Warily, he picked it up. The skin was not slimy, but smooth and cool, like glass. Mario carried it to the back porch and got a knife from the kitchen. Although he had never skinned anything before, he’d seen it done. He cut off the rattle and put it in his pocket. Then he carefully separated the skin from the carcass, which he buried in the garden. He stretched the skin on an old board and nailed it down.

Only then did he truly appreciate his feat. The snake had been as long as he was tall. He shook the rattle in his pocket. Now he knew what a rattlesnake sounds like. The deadly creature could have killed him, but he had killed it. He marveled at how easy it was to kill. He stood up straight. Perhaps he was a man after all.

Suddenly, he heard the school bus out on the road. He put the skin and the tools in the shed and hosed off the back porch. The bus turned into the driveway. He washed the knife and put it away. He slipped into a chair and opened a book as the bus came to a stop in the yard.

A few minutes later, he heard Aunt Ginny say, “What’s this?” He had forgotten all about the turtle.

“I found him in the woods. Can I keep him for a pet? Do you know what they eat?”

She shook her head. “No, you can’t keep him.

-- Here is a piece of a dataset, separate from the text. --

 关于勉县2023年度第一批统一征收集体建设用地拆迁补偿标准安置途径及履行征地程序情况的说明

They’re an endangered species. The game warden’d throw us both in jail. You need to let him go. He’ll find food in the woods.”

Disappointed, Mario hopped off the porch. The motion jiggled the rattle in his pocket. Aunt Ginny perked up as though listening, but when she heard nothing more, she went inside. Mario carried the turtle with one arm and held his other hand over the pocket to keep the rattle quiet. After he released the gopher, he returned to the house and found Aunt Ginny brushing paw prints off the living room couch.

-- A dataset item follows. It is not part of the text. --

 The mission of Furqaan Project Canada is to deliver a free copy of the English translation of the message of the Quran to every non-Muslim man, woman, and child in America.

“What was Skeeter doin’ in the house?”

“Uh, there was a rattlesnake in the yard. I didn’t want him to get bit.”

“You left it alone, I hope.”

Mario couldn’t lie to her. His hesitation told on him.

“Empty your pockets,” she directed.

He had no choice but to show her the rattle. Her eyes bulged.

“Where’s the rest of it?”

“In the shed.” He told her the whole story.

“I don’t think it’d come into the house. It was just trying to get under the house where it’s cool.” When Aunt Ginny saw the size of the skin, she clutched her chest and hollered, “Holy Jesus! Snake that big could kill you!”

“Yes ma’am.”

“It’s a canebrake rattler. That’s why it’s so red. They don’t usually bother anybody. They usually just run away.”

“But it was trying to bite Skeeter.”

“Only because he was harassing it.  If you see another one, you and Skeeter stay in the house till I come home. Promise?”

“Yes ma’am.” He felt like a child again. He looked down at his feet.

Aunt Ginny put an arm around his shoulders. “Was you scared?”

“No ma’am. Well, maybe. I guess. I was afraid for Skeeter.”

“You were very brave to protect Skeeter. I’m proud of you for that.” Then she turned him to face her and put a hand on each shoulder. “But from now on, leave snakes alone. I can’t have a foster child bit by a poisonous snake.”

“Yes ma’am.” When he looked into her eyes, they were twinkling.

“What do you plan to do with that?” She meant the canebrake skin.

“Can I take it to California with me?”

“I don’t see why not.”

“What do you think my dad will say?”

Aunt Ginny smiled. “I think he will be very proud of you.”